On a related note: my machine failed to conduct the bootstrap resampling when using the overfitting controls used in the original model formulation. Either HyperNiche crashed, or I got an error message about zero variance in one of the variables and advising me to increase sample size or decrease minimum neighborhood size or both. So I decreased the minimum neighborhood size from 5 for the original model to 4 for the bootstrap resampling, and that worked. But my question now is: did this change in minimum neighborhood size affect the values of the median and percentile range? And if this is the case, does this mean that I need to re-fit my original model with a minimum neighborhood size of 4 instead of 5 in order for the value of logB to be comparable with the results from the bootstrap resampling?

Thanks for any advice,

Daniel

Bruce McCune

unread,
Oct 5, 2016, 11:06:16 AM10/5/16
to hyper...@googlegroups.com
Daniel, I pasted your Q's and my A's below:


"But shouldn't the estimated xR² from the model being evaluated (not listed in the help example) also be included in this comparison?"
Yes.

"And what is the basis for determining that a fit is "quite stable"? Is it that the range of the percentiles is narrow around the median value of the fits?"
Yes and yes. Ultimately this is subjective, like "Is R2 = 0.xx big?"

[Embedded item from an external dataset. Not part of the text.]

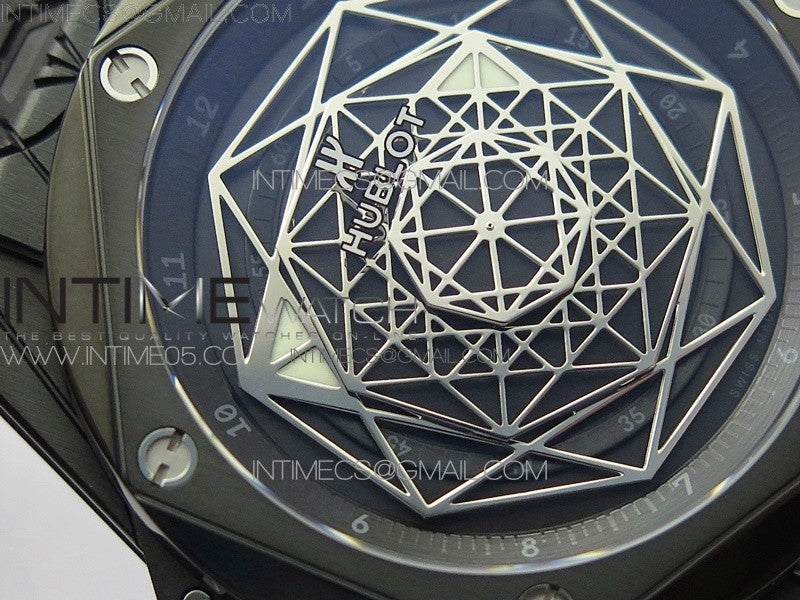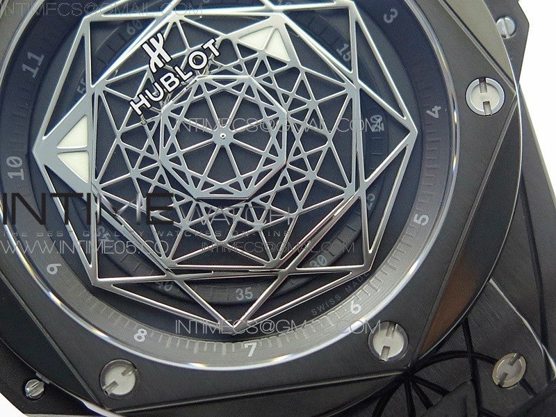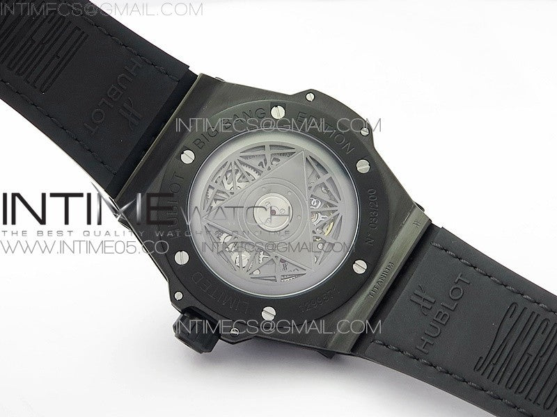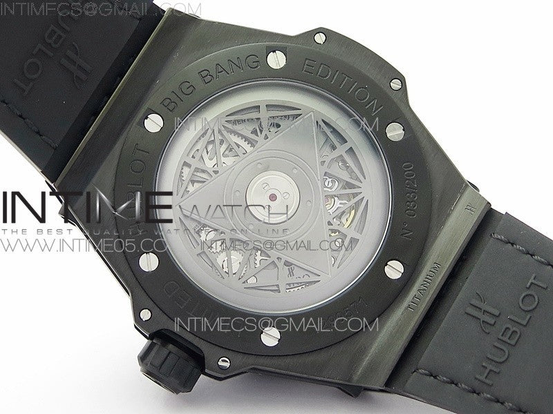 Big Bang Sang Bleu DLC Ti WWF 1:1 Best Edition Black Skeletonal Dial On Black Gummy Strap Asian HB1213 V2 Menge

In my case, the estimated logB from my model (8.2) is outside the range of the percentiles (14.09-24.96) and the median (19.47). How can I interpret this?
Usually this would mean that the conditions for fitting the bootstrap model differ from those used for the original model. Need to consider not just the settings on the Model Options tab, but also the "minimum neighborhood size for an estimate" on the Output Options tab.

Either HyperNiche crashed, or I got an error message about zero variance in one of the variables and advising me to increase sample size or decrease minimum neighborhood size or both.
Some data sets just don't work well with bootstrapping. To create an extreme artificial example: say that many rows of the data are identical and the response variable has 5 presences and 20 absences. There would be a high likelihood that a bootstrap sample would have the case of all the presences having identical values for the predictors.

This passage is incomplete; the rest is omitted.